Survival After the Reg FD Earthquake: Three Years Later, Pros Learn How to Cope

By Nina Mehta

Also in this article

  • Survival After the Reg FD Earthquake: Three Years Later, Pros Learn How to Cope

The end of the world never came.

But financial professionals were predicting dire consequences almost three years ago when a controversial new rule went into effect.

Now Regulation Fair Disclosure (Reg FD), which was enacted into law in October 2000, has achieved many of its goals. Reg FD banned public companies from making selective and unfair disclosures of material nonpublic information to securities analysts, favored investors and other market pros.

Material information now is simultaneously disclosed to all investors. In a record comment period, 6,000 letters were received by the Securities and Exchange Commission.

Much of the controversy has been forgotten. Nevertheless, some critics still claim that Reg FD reduces the flow of available information. That means analysts have a more difficult job. These critics also contend that stocks are now more volatile during earnings periods and major announcements.

But there is little doubt that Reg FD leveled the playing field, according to some observers. "There are not as many whisper numbers and rumors going round as there were before," said Kit Case, associate research director at Southwest Securities, a part of SWS Group, in Dallas.

The hostility also waned because many pros learned to survive with Reg FD. "The SEC staff is used to dealing with the-end-of-Western-civilization kind of comments and, lo and behold, traders will tell you it will put them out of business," said Sam Scott Miller, a securities industry attorney at Orrick Herrington & Sutcliffe LLP in New York.

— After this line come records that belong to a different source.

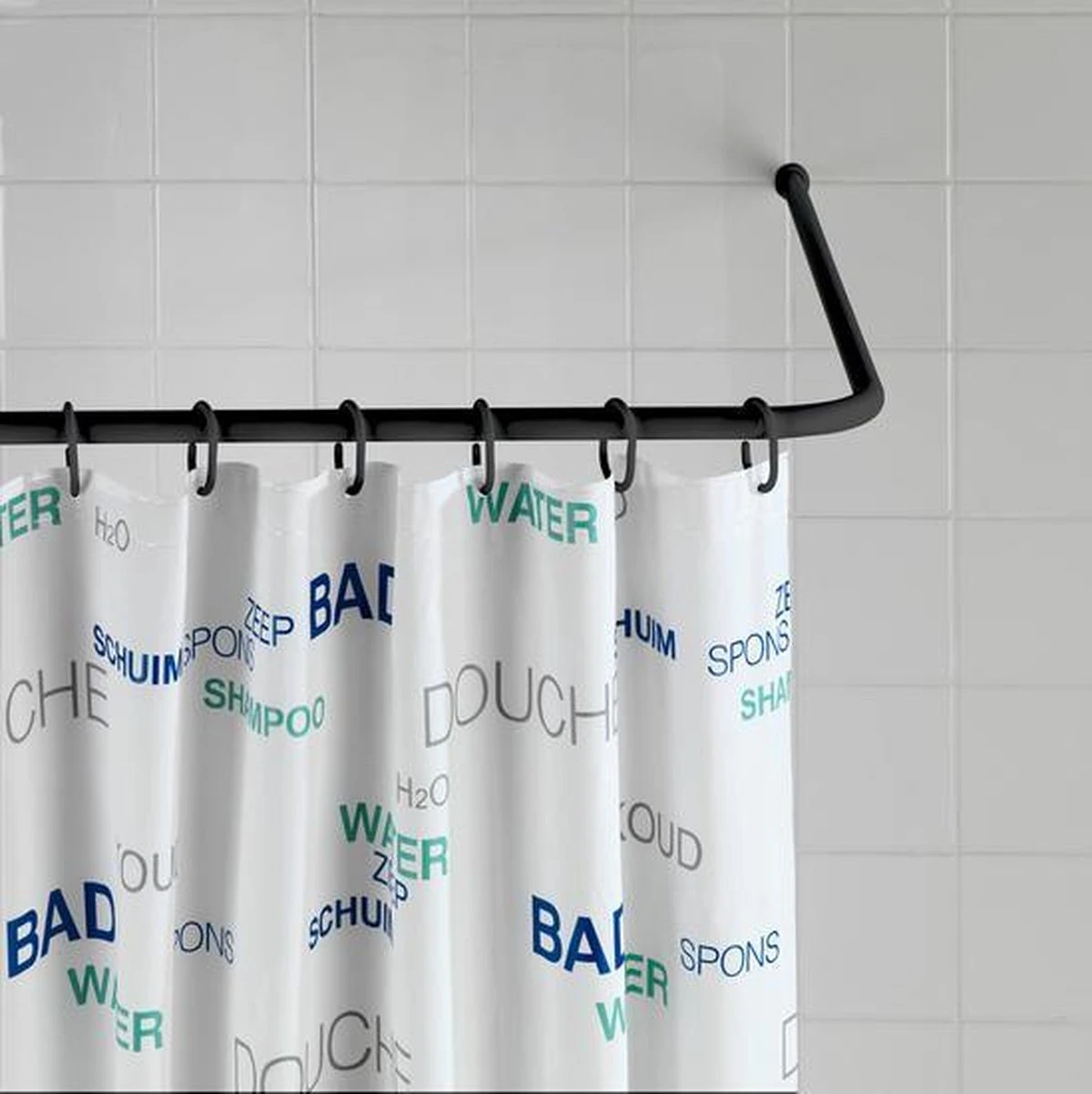 Deze aluminium douchegordijnstang in trendy zwart kun je in L-vorm of U-vorm ophangen en is ideaal voor bij je bad of douche.
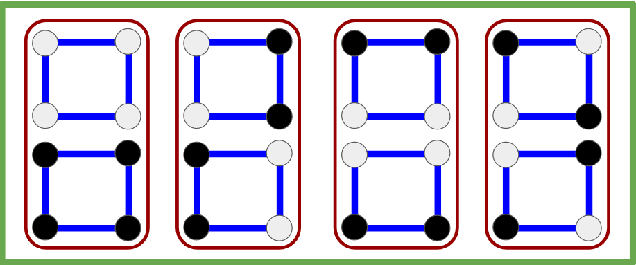 We already mentioned that these colored squares are almost invariant, but there is actually an even simpler property that we can see. The number of black and white vertices is always even, and while in the trivial function all the vertices are white, in the rest the number of black vertices equals to the number of white vertices. Now, after we moved to the values instead of
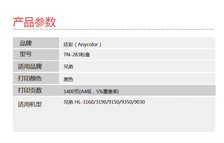 > 办公耗材 复印纸 硒鼓 > 打印耗材 > 硒鼓 > 欣彩(Anycolor)TN-283粉盒 专业版 AR-TN283K墨粉盒 黑色 适用兄弟 HL-3160 3190 9150 9350 9030| 产品名称 : | 欣彩(Anycolor)TN-283粉盒 专业版 AR-TN283K墨粉盒 黑色 适用兄弟 HL-3160 3190 9150 9350 9030 |
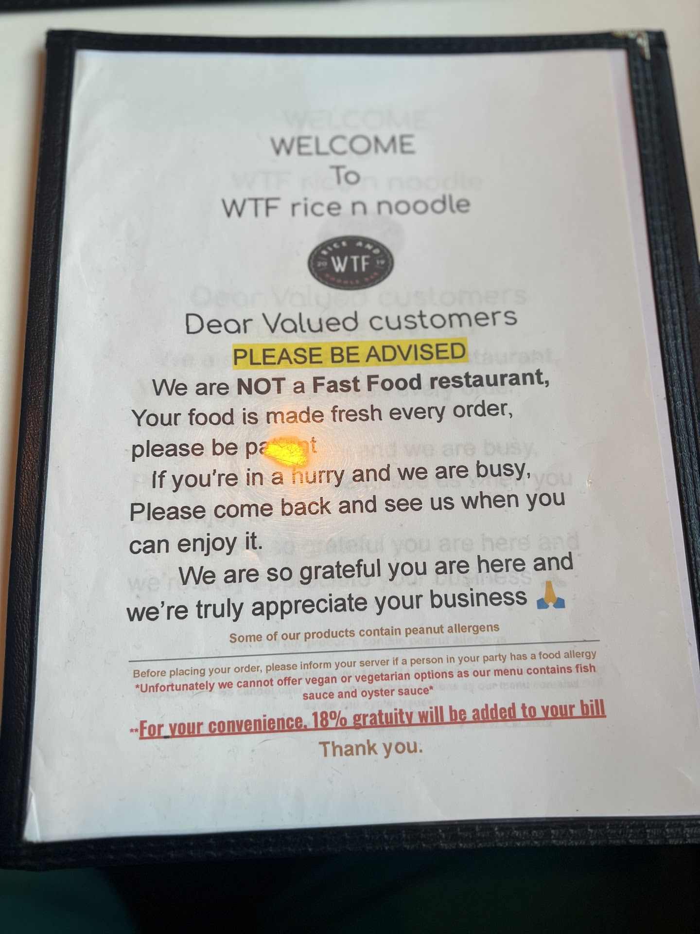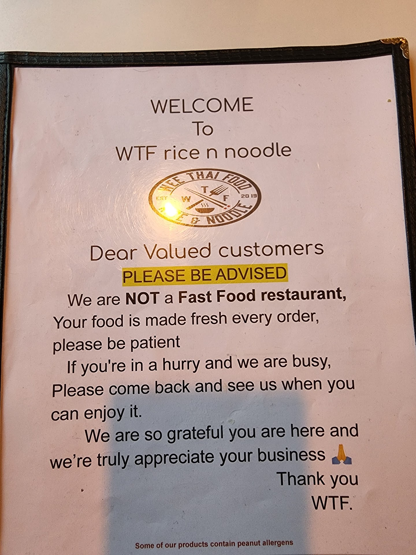 Read moreKhao Soi ($10.95). "Popular Northern style Yellow noodle in curry, chicken, boiled egg, red onion, pickles mustard sour." No choice of protein. I asked for it extra spicy, and it was spot on. The egg was cooked perfectly with an almost runny yolk. The pickles were excellent and tangy. The mustard sour was as expected. The noodles were either undercooked or pleasantly chewy, pick one. This was a surprisingly good Khao Soi. I'll be back to try more dishes from the somewhat limited menu. They took the order using a wireless card reader but went away to run the card. I thought this was a bit odd. Wicked flimsy napkins, please upgrade. Did they realize what the initials stand for?
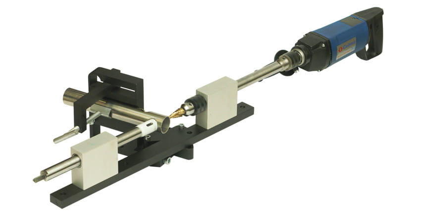 Produkowana przez firmę GLOB przystawka dwustronna do precyzyjnego wiercenia otworów przelotowych w rurach umożliwia wycięcie całego otworu lub jego części w rurach o średnicy do 75mm. Duży zakres wierconych średnic jest wyróżnikiem naszej konstrukcji.
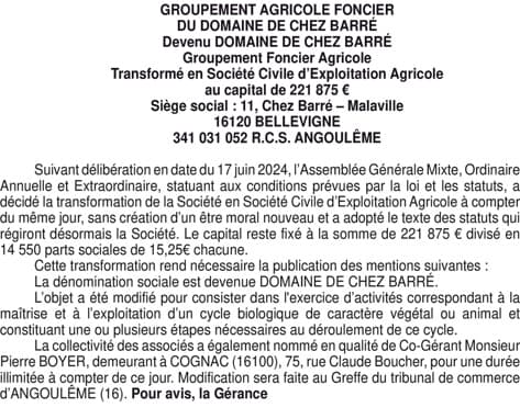 GFA DOMAINE DE CHEZ BARRE - Charente (16)

Another reason the regulation was taken in stride: It wasn't too drastic a step for sophisticated, responsible firms. Lee Pickard, a partner in the securities law firm Pickard & Djinis in Washington, D.C., says Reg FD was not a radical step. "It's not a quantum jump from where we were and not a new codification of law, it's been a very successful remedial step," said Pickard, a former director of the SEC's Division of Market Regulation. But, he notes, Reg FD put the kibosh on companies currying favor with research analysts. Many of these analysts, working with institutions, had received peferential access.

Overall, Reg FD has standardized the way companies deal with sellside analysts. Its mandates have been imported into the policies of most public companies. Earnings releases and other major announcements are now typically webcast live. Bankers no longer sit through an issuer's analyst meetings. If material information is inadvertently disclosed, companies are usually prompt about issuing a press release, or filing a Form 8-K with the SEC.

Still, Reg FD is subject to varying interpretations. As a result, it has had unintended consequences, according to Artie Pacheco, senior managing director in the equities division at Bear Stearns. Senior management is providing less industry and company-specific color', he says. "It has made it more difficult for analysts to do their job, to process information and to provide it to clients," he added.

Others concur. But in the current climate of corporate scandals there's little sympathy for sellside analysts who must work harder. Channel checks and other third-party checks on the companies covered by analysts have always been mandatory. In addition, there are enormous amounts of public information available in annual and quarterly reports, SEC filings and in the financial media.